I’ve been featured on a couple author blogs this past month. First up is Tim Gurung, author of Old Men Don’t Cry: A Hong Kong Tale of Sorrow:

But I doubt e-books will ever replace physical books. There’s something satisfying of not only holding a physical book in your hands but having a full bookshelf in your house.

Check out the rest here.

Also, Susan Blumberg-Kason, author of Good Chinese Wife: A Love Affair with China Gone Wrong has featured me as her Author of the Month for April, 2016!

Someone once told me that no one would read my book unless they’d lived in China.

That’s absurd. It’s like saying that nobody would read A Confederacy of Dunces unless they’d lived in 1960s New Orleans.

Read the rest here.

Big thanks to these great writers for interviewing me. If you’re a writer and you’d like me to interview you, get in touch! You can check out all the interviews I’ve conducted so far here.

Book Passage of the Week (3/19/2016) – World Gone By, Dennis Lehane

I recently finished World Gone By. It’s the third book in the Coughlin Trilogy that begins with The Given Day.

I loved The Given Day and Live by Night. This one? I didn’t enjoy it as much as the others. World Gone By is much shorter than the other two books. Things are smaller scale, more like wrapping up the loose ends than telling a full story from beginning to end.

It’s Dennis Lehane, so there’s going to be some good prose. Here’s a couple passages I really liked:

He only saw Montooth’s face in the muzzle flash, it appeared out of the darkness like something disconnected from the man’s body, like a death mask in a fun house, and then the windshield spiderwebbed.

And this, which might spoil Live by Night:

The light took flight from his wife’s eyes. He watched her cross whatever transom led to whatever world or void lay beyond this one. In the final thirty seconds of her life, her eyelids fluttered nine times. And then never again.

And you know what? Fuck it, here’s one more:

[Joe] waited for others to come. He hoped they would. He hoped there was more to this than a dark night, an empty beach, and waves that never quite reached the shore.

If you’re going to read World Gone By, you’re better off starting with either The Given Day or Live by NightLive by Night is more essential since both it and World Gone By have the same main character.

Check out my short story, ‘A Long Fall’, now available for free!
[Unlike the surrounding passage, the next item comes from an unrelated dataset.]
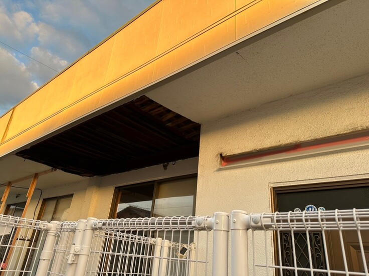 当初考えていた軒の修繕では済まないようで、隣の部分は軒が落ちないよう木で補強し、一旦中断し対策を思案中だそうです😥

A Long Fall, published in the autumn 2015 issue of The Colored Lens, is now available to read for free: http://thecoloredlens.com/?p=39573

Set in the near future, when Patricia’s husband dies in a freak accident, she uses her life savings to have a clone grown. But when the clone begins to fall apart, she has to deal with losing him all over again.
Big thanks to the editorial team at The Colored Lens!

Book Passage of the Week (2/28/2016) – from The Alchemist

The Alchemist is one of my favorite books. I read it my senior year of college, right after France decided they didn’t want me as a teacher and a few months before China did.

I’ve read it several times since then. I underlined a lot of passages, took a lot of notes. What you see below is just one of many:

“Well, why don’t you go to Mecca now?” asked the boy.

“Because it’s the thought of Mecca that keeps me alive. That’s what helps me face these days that are all the same, these mute crystals on the shelves, and lunch and dinner at that same horrible café. I’m afraid that if my dream is realized, I’ll have no reason to go on living.

“You dream about your sheep and the Pyramids, but you’re different from me, because you want to realize your dreams. I just want to dream about Mecca. I’ve already imagined it a thousand times crossing the desert, arriving at the Plaza of the Sacred Stone, the seven times I walk around it before allowing myself to touch it. I’ve already imagined the people who would be at my side, and those in front of me, and the conversations and prayers we would share. But I’m afraid that it would all be a disappointment, so I prefer just to dream about it.”

The plot of The Alchemist borrows from the folk tale “The Man Who Became Rich Again Through a Dream“, which itself has many variations throughout the world, such as Pedlar of Swaffham.

And the passage above reminds me of the following exchange from Collateral, a very underrated movie:

Vincent: Look in the mirror. Paper towels, clean cab. Limo company some day. How much you got saved?

Max: That ain’t any of your business.

Vincent: Someday? Someday my dream will come? One night you will wake up and discover it never happened. It’s all turned around on you. It never will. Suddenly you are old. Didn’t happen, and it never will, because you were never going to do it anyway. You’ll push it into memory and then zone out in your barco lounger, being hypnotized by daytime TV for the rest of your life. Don’t you talk to me about murder. All it ever took was a down payment on a Lincoln town car. That girl, you can’t even call that girl. What the fuck are you still doing driving a cab?

Guy gets on the subway and dies. Think anybody’ll notice?